Problem to work on
For the material below, reproduce exactly each line from the one that has "高さを上げるだけでなく、ブレ" through the one that has "唐勇一行实地考察了我校新城校", and no others; pictures stay out.
Start of Data extracts
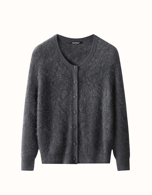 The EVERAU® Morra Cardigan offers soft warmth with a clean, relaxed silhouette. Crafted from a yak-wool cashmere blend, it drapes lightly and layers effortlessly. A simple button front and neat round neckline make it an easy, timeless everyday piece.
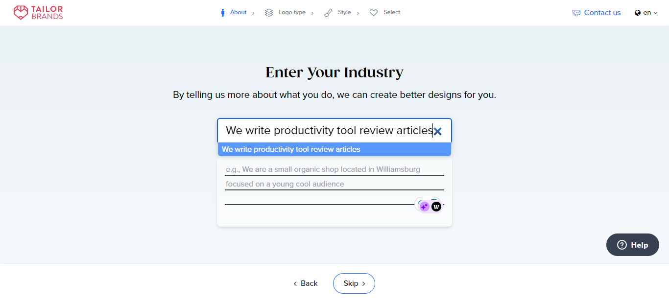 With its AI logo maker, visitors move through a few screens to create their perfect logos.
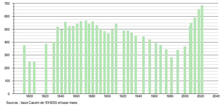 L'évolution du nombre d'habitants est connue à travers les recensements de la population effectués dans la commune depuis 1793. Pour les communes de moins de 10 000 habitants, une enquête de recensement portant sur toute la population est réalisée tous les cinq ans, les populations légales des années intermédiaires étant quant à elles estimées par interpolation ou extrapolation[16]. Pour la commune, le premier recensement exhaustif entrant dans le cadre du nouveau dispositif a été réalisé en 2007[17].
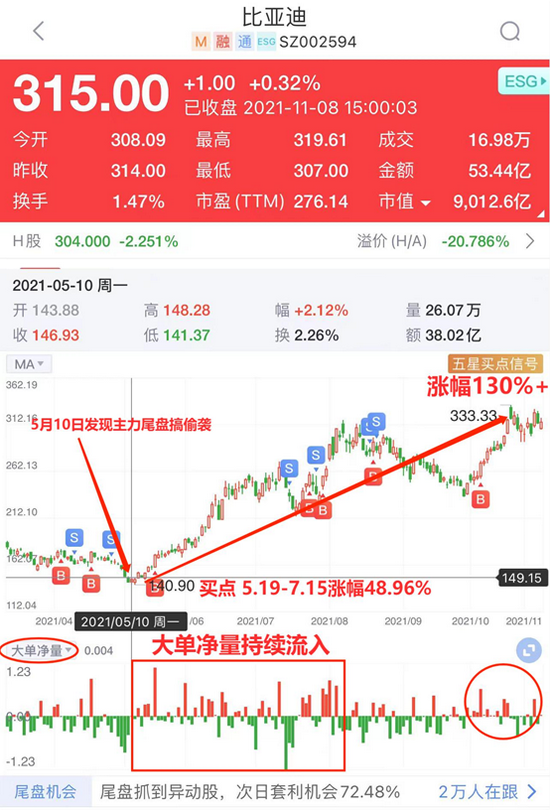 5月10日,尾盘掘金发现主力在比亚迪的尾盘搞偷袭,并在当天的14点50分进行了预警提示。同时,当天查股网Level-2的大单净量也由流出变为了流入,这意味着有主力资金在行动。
End of Data extracts
Start of Data extracts
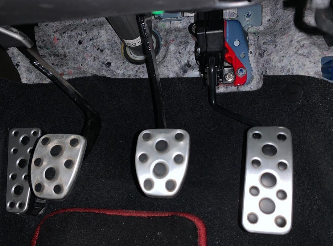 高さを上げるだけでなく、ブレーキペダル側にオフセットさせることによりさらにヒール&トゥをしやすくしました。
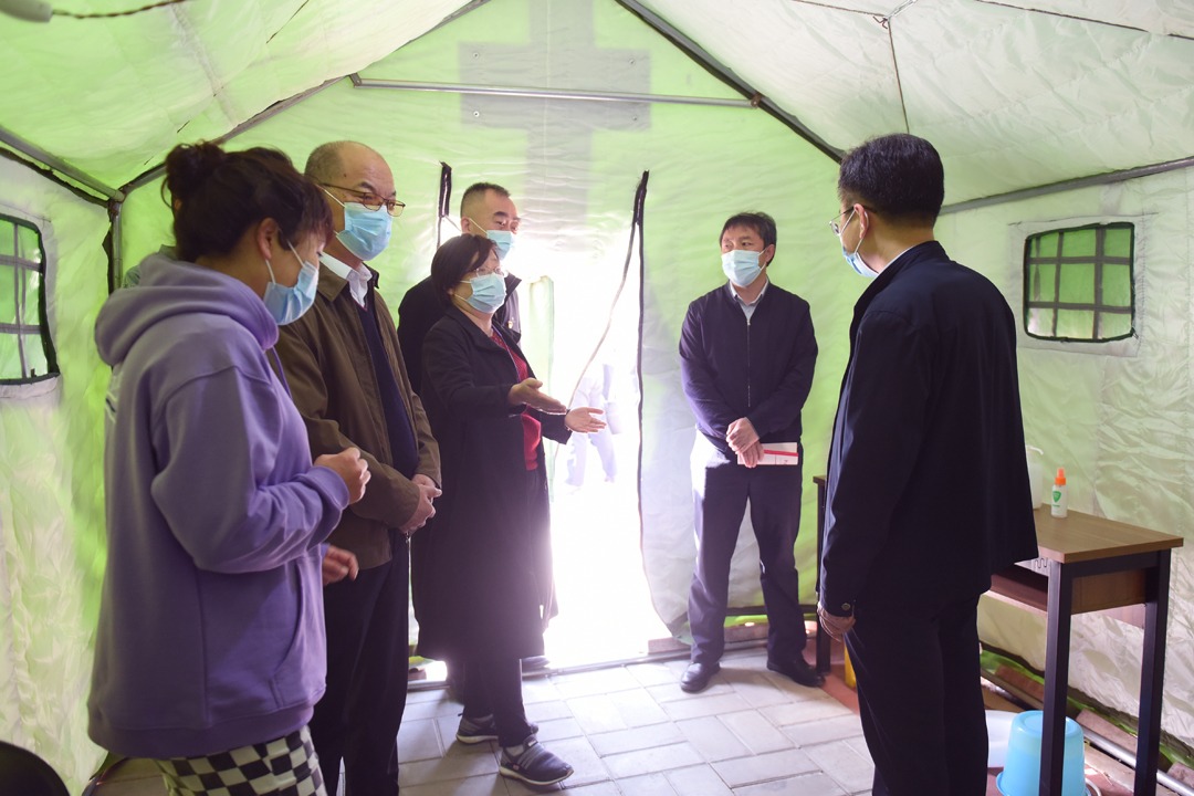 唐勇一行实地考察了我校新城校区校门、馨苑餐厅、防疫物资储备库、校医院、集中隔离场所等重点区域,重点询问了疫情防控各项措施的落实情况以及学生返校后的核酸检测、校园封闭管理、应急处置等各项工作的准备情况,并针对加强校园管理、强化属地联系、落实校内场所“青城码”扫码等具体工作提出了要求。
End of Data extracts
Reply to the task
 高さを上げるだけでなく、ブレーキペダル側にオフセットさせることによりさらにヒール&トゥをしやすくしました。
 唐勇一行实地考察了我校新城校区校门、馨苑餐厅、防疫物资储备库、校医院、集中隔离场所等重点区域,重点询问了疫情防控各项措施的落实情况以及学生返校后的核酸检测、校园封闭管理、应急处置等各项工作的准备情况,并针对加强校园管理、强化属地联系、落实校内场所“青城码”扫码等具体工作提出了要求。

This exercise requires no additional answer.